The cluster analysis increases the coverage of labelled points from around 30% to over 85%, with high balanced accuracy. The remaining unlabelled points are deemed to be ‘noise’ and do not have a carrier assigned.
This label coverage increase can be seen in the plots below; in the first plot the data is coloured by the carrier labels we have in our original dataset, where the black points represent unlabelled IPs, and in the second plot the IPs are labelled after applying the clustering algorithm. Far more of the points now have a carrier label and it can be observed that the clustering has corrected some mis-labelled IP addresses. However, there are still some unlabelled points, where the DMSBSCAN algorithm cannot confidently assign a carrier label.
The DMDBSCAN algorithm is designed to differentiate between clusters of differing densities, this can be seen below:
These points in the Hilbert space have very different densities, but are close to each other.
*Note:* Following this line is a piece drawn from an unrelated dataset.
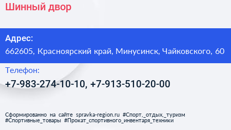 Шинный двор по адресу 662605, Красноярский край, Минусинск, Чайковского, 60 в дальнейшем Организация, размещена в следующих категориях:

Using different density values for the DBSCAN clustering algorithm we successfully create distinct clusters which are assigned different carrier labels.
Classification
From the clustered dataset we can train a predictive ML model to try and predict the unlabelled and any IP addresses not in our dataset. For the ML model the training dataset consists of all the IP addresses for which we were able to determine carrier labels using cluster analysis.
The features which we shall use for this classification are:
- Hilbert space x-coordinate
- Hilbert space y-coordinate.
These coordinates define the position of an IP address in the Hilbert space and it is the position in this space which we hypothesise is how we can label.
The classification algorithm chosen for predicting the carrier of an IP address was a Random Forest classifier. Investigations into the various different methods: support vector classifiers, decision trees (with and without boosting), logistic regression, kNN, showed that training a Random Forest classifier was the optimal approach.
Using k-fold cross validation we are able to determine an optimal set of hyper-parameters for the Random Forest classifier. Since our dataset has varying proportions of IP addresses from different carriers; it is therefore useful to calibrate our classifier. This rescales the predicted probabilities to improve the probability-based predictions for each carrier in our model.
This is a multi-class problem hence we have confidence in a prediction if the probability, p, if: p >1/Number of carrier labels.
In the Hilbert space we can visualise the classifiers probabilities for a given carrier using a heat-map. Below is an example of the probability heat-map for a single carrier; included are the labelled points for that carrier. This demonstrates how the Random Forest algorithm predicts in the regions about the training data and how the density of points in a region leads to greater confidence.
Results
Applying this process to a one day of unique IP addresses from the Wandera dataset:
We find that we can quite accurately predict carriers using only IP addresses.
Being able to predict which carriers use which IP addresses means that we have increased the coverage of IP addresses with carriers from 30% to over 97%, and this figure is increasing all the time. This means that Wandera can much more easily identify if a customer’s device is using the wrong SIM in the wrong situation and notify that device accordingly and therefore help save our customers money.
The classification process defined above is regularly retrained and optimised such that we ensure the predictions continue to be accurate and the models respond to re-provisioning of IP addresses. Along with this we monitor the predictions daily, such that we can identify false classifications and remediate effectively. This helps to ensure that we provide the most accurate carrier information for our customers.